Ich hänge mich danach noch mal voll rein, bereite auch in den dann folgenden Osterferien jeden Tag 8 Stunden vor, aber nach den Ferien klappt trotzdem nicht eine Mathestunde, wieder weil die Schüler einfach nichts verstehen! Und gerade als ich keine Ahnung mehr habe, was ich noch versuchen soll, führt mein Mentor ein Gespräch mit mir: "Wir können Ihnen keinen selbständigen Unterricht geben. Ich sehe bei Ihnen nicht den nötigen Einsatz, um Lehrer zu werden. Und Sie merken doch selber, dass es nicht klappt." Ich: "Ja, merke ich! Aber ich komme nicht drauf, was ich machen kann, damit es besser wird. Können Sie mir das nicht einfach sagen?" Er (schreit mich an): "Nein, ich weigere mich! Das hat doch alles keinen Zweck!" Ich: "Aber im Praxissemester hat doch alles geklappt, und da haben alle gemeint, ich kann das super." Er: "Hören Sie mal, wir sind es, die über Sie zu entscheiden haben, und wir sind uns alle über Sie einig! Und was wollen Sie eigentlich, der Fachleiter beurteilt Sie doch genauso." Fazit: Null Konstruktives, einfach nur "Sie können das nicht, geben Sie auf!"
Ich beschwere mich noch beim Seminardirektor über meinen Mentor, der mir einfach nur antwortet: "Seitens der Schule liegt kein Fehlverhalten vor, da eine professionelle reflektierte Bewertung auch einmal negativ ausfallen kann." Und ich grübele wie bescheuert über die Story...
... und komme zu einer irren Erkenntnis: Die Schülerfähigkeiten an der Schule sind in Mathe wirklich nicht vorhanden.
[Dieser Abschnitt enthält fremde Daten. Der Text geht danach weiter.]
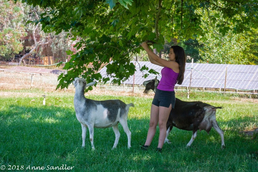 Gabby is pulling down a branch for the goats to chew on.

Und die Lehrer machen mich fertig, weil ich das bemerkt habe! Gleichzeitig dachte ich mir aber: "Mist, klingt das paranoid. Werde ich verrückt...?"
... und denke mir im nächsten Moment: Das glaubt mir kein Schwein. Vor allem, da die Schule in der Außendarstellung bescheuert gut dasteht (die Lehrer da haben alle an bedeutenden Mathebüchern mitgeschrieben, letztes Jahr hat der Laden eine Bundestagung einer renommierten Mathedidaktikzeitung ausgerichtet, die Schüler gewinnen irgendwie ständig Preise wie den Lesewettbewerb etc. und die Lokalpresse tut so, als ob das die beste Schule der Stadt wäre.) Und außerdem, weil keiner einen durchfallenden Referendar ernst nimmt, der die Schuld nur bei seiner Schule sehen will und nicht bei sich.